* WHAT YOU WILL DO *
Apart from the pictures, every entry below should be repeated exactly.

☆ ☆ ☆ ☆ ☆ ☆ ☆

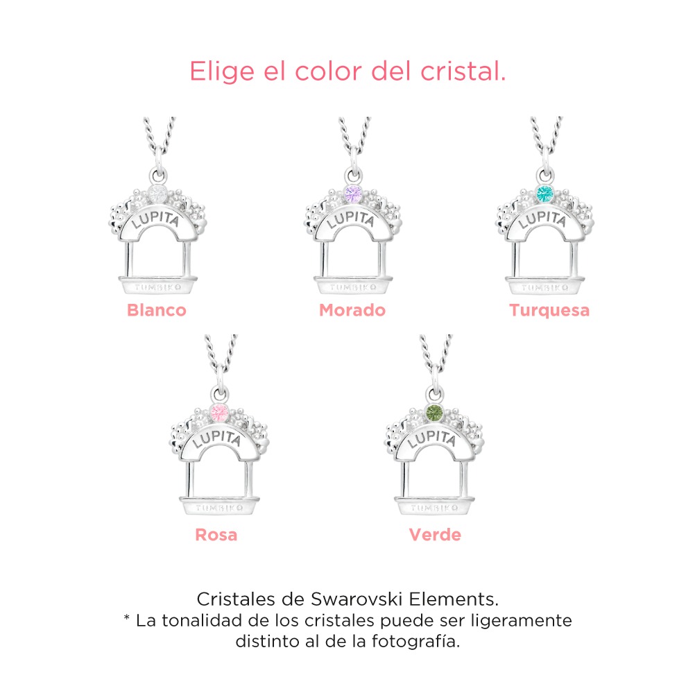 El collar Trajinera rescata la esencia que permite que la mujer mexicana se sienta orgullosa de su nombre y de su belleza. El dije está elaborado en plata.925, además de que incorpora un cristal “Swarovski Elements” en color turquesa, rosa, morado, blanco o verde.
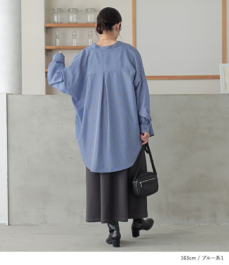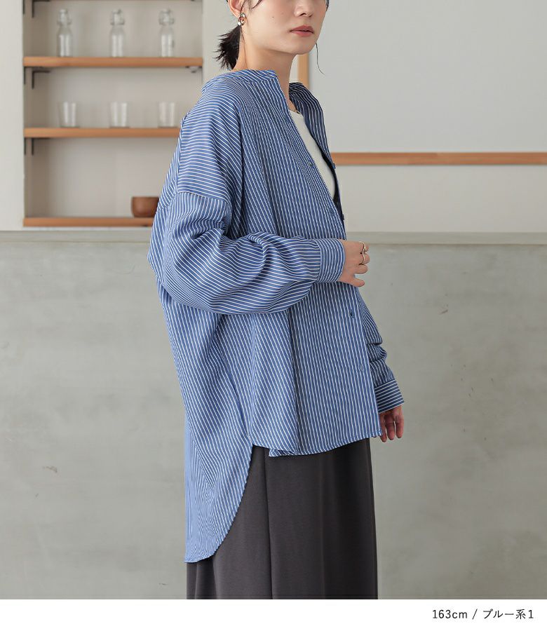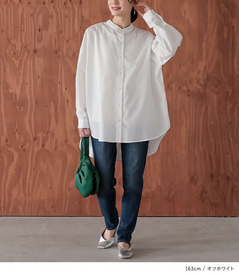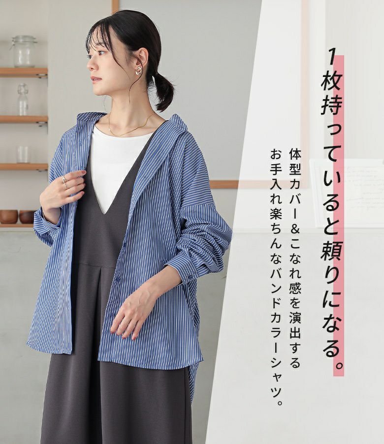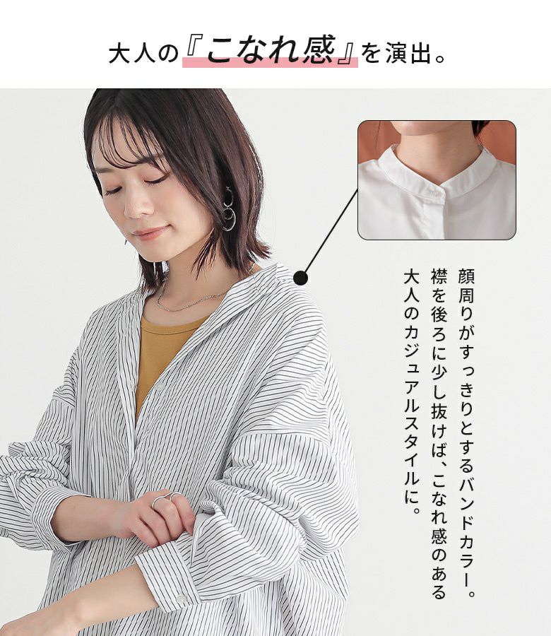 『n'OrLABEL長袖バンドカラーシャツ』
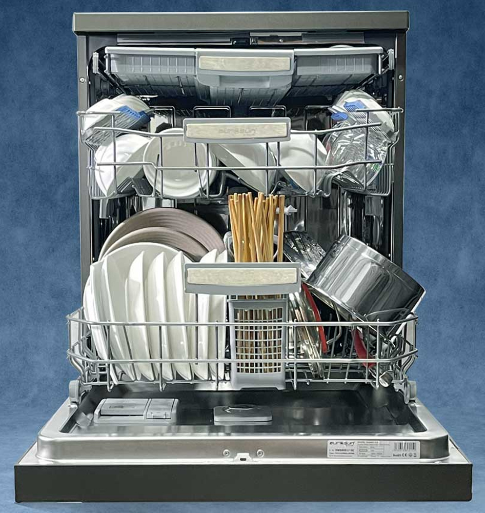 Máy rửa bát Eurosun SMS80EU15E trang bị 3 ngăn chứa cơ động + 1 giỏ để đũa, ly cốc. Hệ thống ray nâng hạ Vario Space thông minh dễ dàng thay đổi chiều cao giữa các khay.
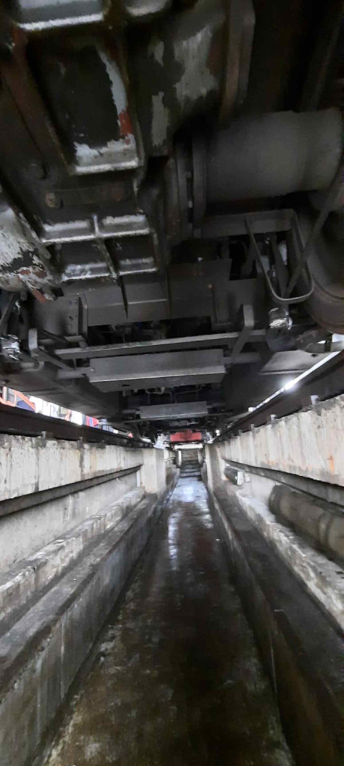 The locomotive must be lifted out of the bogies so that they and the locomotive frame can be inspected for cracks or other damage. For this purpose, we have already removed the cardan shafts that transmit the driving force from the locomotive's transmission to the two bogies and thus the axles. The next picture shows the locomotive from below.
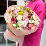 Lisianthus - 3 pcs Bush rose - 2 pcs Ecuador Rose - 3 pcs Designer packaging - 1 pcs Filin Green - 2 pcs bunch of asters - 2 pcs
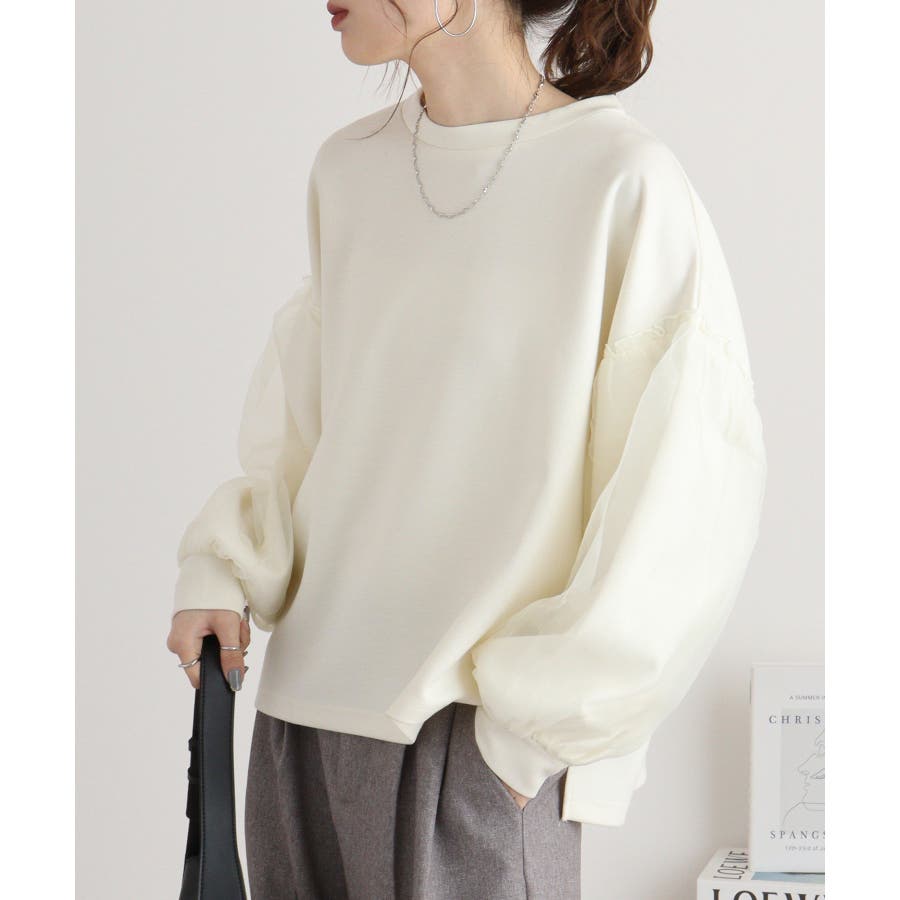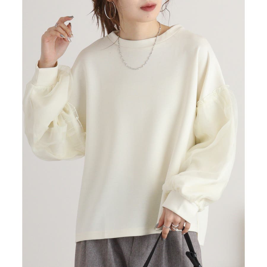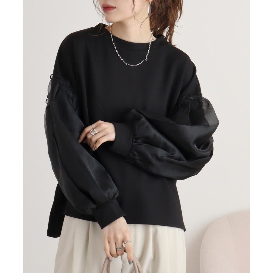 トレンド感溢れるボリュームスリーブと軽やかなオーガンジー素材が特徴のプルオーバーです。
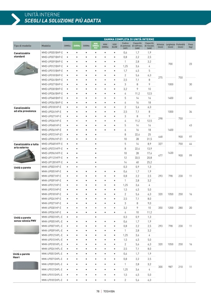 GAMMA COMPLETA DI UNITÀ INTERNE
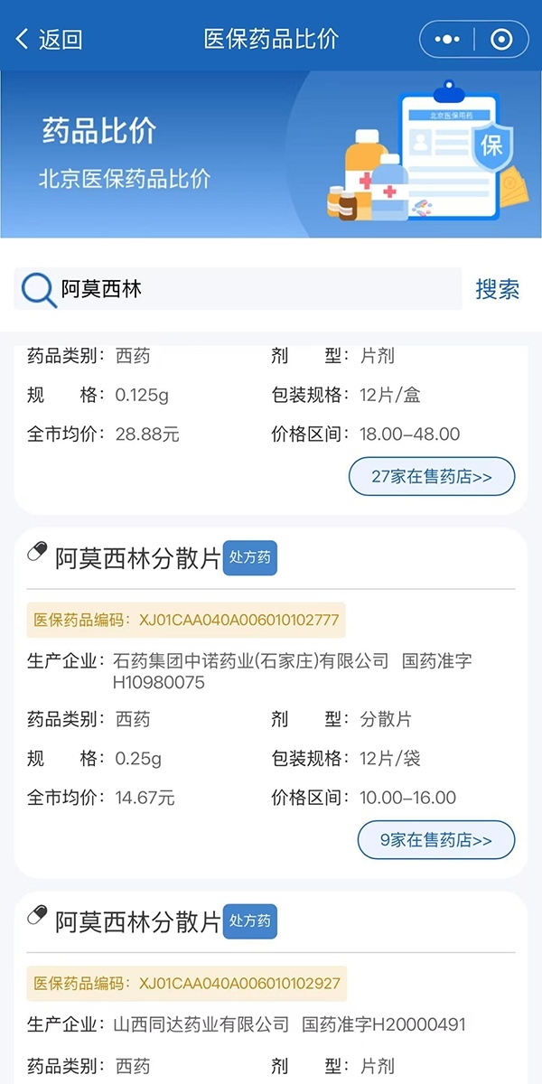 第四步:以搜索阿莫西林為例,可以看到下方展示了在售的相關(guān)商品及價格等信息。
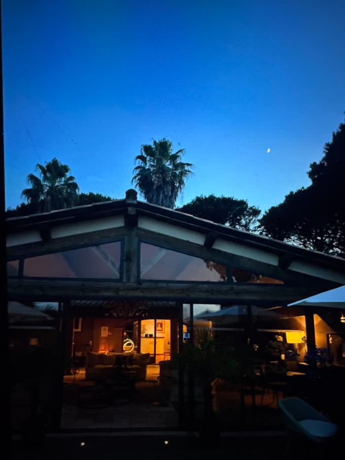 A nighttime scene features a structure with a peaked roof, possibly a covered patio or entrance. The structure is constructed with wooden beams and glass panels. To the left, a clear blue sky contrast…read more
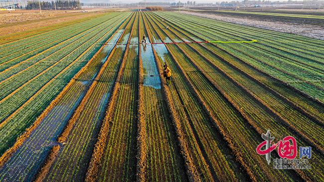 2025年11月3日,河北省遵化市东新庄镇农民在麦田浇水(无人机照片)。刘满仓 摄 新华社图片库
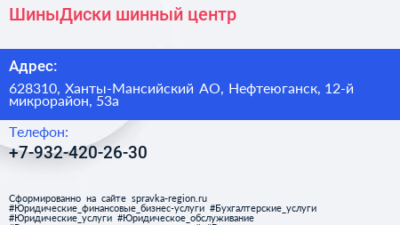 ШиныДиски, шинный центр по адресу 628310, Ханты-Мансийский АО, Нефтеюганск, 12-й микрорайон, 53а в дальнейшем Организация, размещена в следующих категориях:
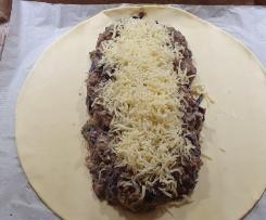 4 Min./100°C/Stufe 3 verrühren, auch zum Hackfleisch geben und gut vermengen. - 6. Ein Backblech mit Backpapier auslegen, Blätterteig darauf ausrollen, die Füllung in einem ca. 10 cm breiten Streifen in der Mitte ausbreiten. Mit 100g Käse bedecken. Zuerst Teig unten und oben dann rechts und links über die Füllung klappen.
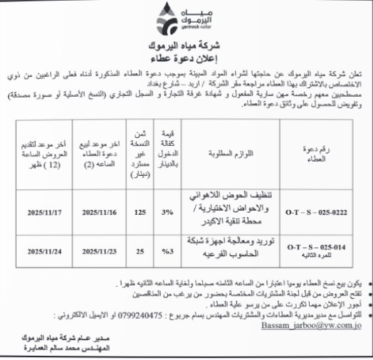 عطاء صادر عن شركة مياه اليرموك
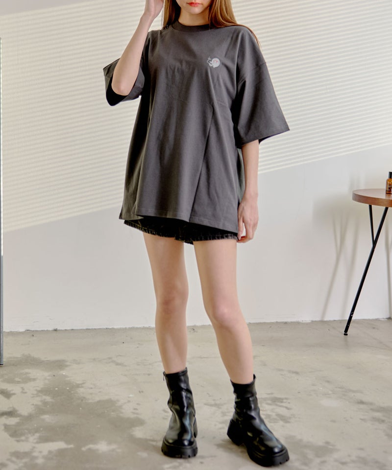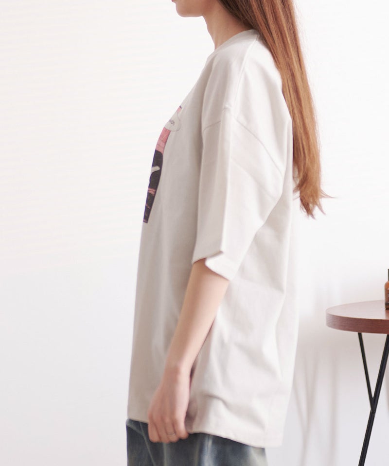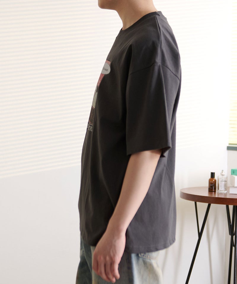 ヴィンテージTシャツのような雰囲気と印象的なグラフィックが絶妙にマッチし、ストリートスタイルや古着テイストのコーディネートにもぴったりの仕上がりです。
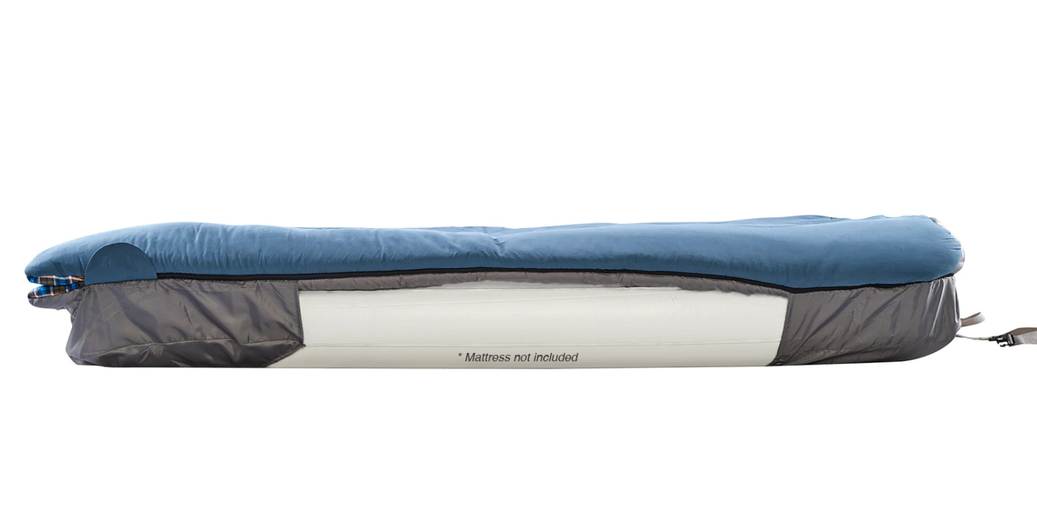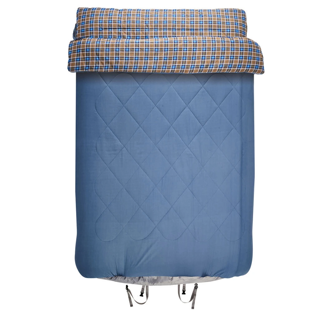 The complete camp bedding in a bag, tailored to fit snugly onto your queen camping mattress. With a flannel cotton lining, an all-cotton outer cover and 300gsm polyester filling quilted into position to ensure even distribution and warmth.
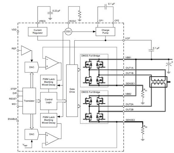 而轉(zhuǎn)換器的特性則大大簡化了電機控制系統(tǒng)的設計。只需在STEP輸入引腳上施加一個脈沖,電機即被驅(qū)動一步,無需相序表或高頻控制線。因此,在主機微控制器不可用或負載過重的應用中,A3982是最佳選擇。

☆ ☆ ☆ ☆ ☆ ☆ ☆

* EXPECTED OUTPUT *
 El collar Trajinera rescata la esencia que permite que la mujer mexicana se sienta orgullosa de su nombre y de su belleza. El dije está elaborado en plata.925, además de que incorpora un cristal “Swarovski Elements” en color turquesa, rosa, morado, blanco o verde.
 『n'OrLABEL長袖バンドカラーシャツ』
 Máy rửa bát Eurosun SMS80EU15E trang bị 3 ngăn chứa cơ động + 1 giỏ để đũa, ly cốc. Hệ thống ray nâng hạ Vario Space thông minh dễ dàng thay đổi chiều cao giữa các khay.
 The locomotive must be lifted out of the bogies so that they and the locomotive frame can be inspected for cracks or other damage. For this purpose, we have already removed the cardan shafts that transmit the driving force from the locomotive's transmission to the two bogies and thus the axles. The next picture shows the locomotive from below.
 Lisianthus - 3 pcs Bush rose - 2 pcs Ecuador Rose - 3 pcs Designer packaging - 1 pcs Filin Green - 2 pcs bunch of asters - 2 pcs
 トレンド感溢れるボリュームスリーブと軽やかなオーガンジー素材が特徴のプルオーバーです。
 GAMMA COMPLETA DI UNITÀ INTERNE
 第四步:以搜索阿莫西林為例,可以看到下方展示了在售的相關(guān)商品及價格等信息。
 A nighttime scene features a structure with a peaked roof, possibly a covered patio or entrance. The structure is constructed with wooden beams and glass panels. To the left, a clear blue sky contrast…read more
 2025年11月3日,河北省遵化市东新庄镇农民在麦田浇水(无人机照片)。刘满仓 摄 新华社图片库
 ШиныДиски, шинный центр по адресу 628310, Ханты-Мансийский АО, Нефтеюганск, 12-й микрорайон, 53а в дальнейшем Организация, размещена в следующих категориях:
 4 Min./100°C/Stufe 3 verrühren, auch zum Hackfleisch geben und gut vermengen. - 6. Ein Backblech mit Backpapier auslegen, Blätterteig darauf ausrollen, die Füllung in einem ca. 10 cm breiten Streifen in der Mitte ausbreiten. Mit 100g Käse bedecken. Zuerst Teig unten und oben dann rechts und links über die Füllung klappen.
 عطاء صادر عن شركة مياه اليرموك
 ヴィンテージTシャツのような雰囲気と印象的なグラフィックが絶妙にマッチし、ストリートスタイルや古着テイストのコーディネートにもぴったりの仕上がりです。
 The complete camp bedding in a bag, tailored to fit snugly onto your queen camping mattress. With a flannel cotton lining, an all-cotton outer cover and 300gsm polyester filling quilted into position to ensure even distribution and warmth.
 而轉(zhuǎn)換器的特性則大大簡化了電機控制系統(tǒng)的設計。只需在STEP輸入引腳上施加一個脈沖,電機即被驅(qū)動一步,無需相序表或高頻控制線。因此,在主機微控制器不可用或負載過重的應用中,A3982是最佳選擇。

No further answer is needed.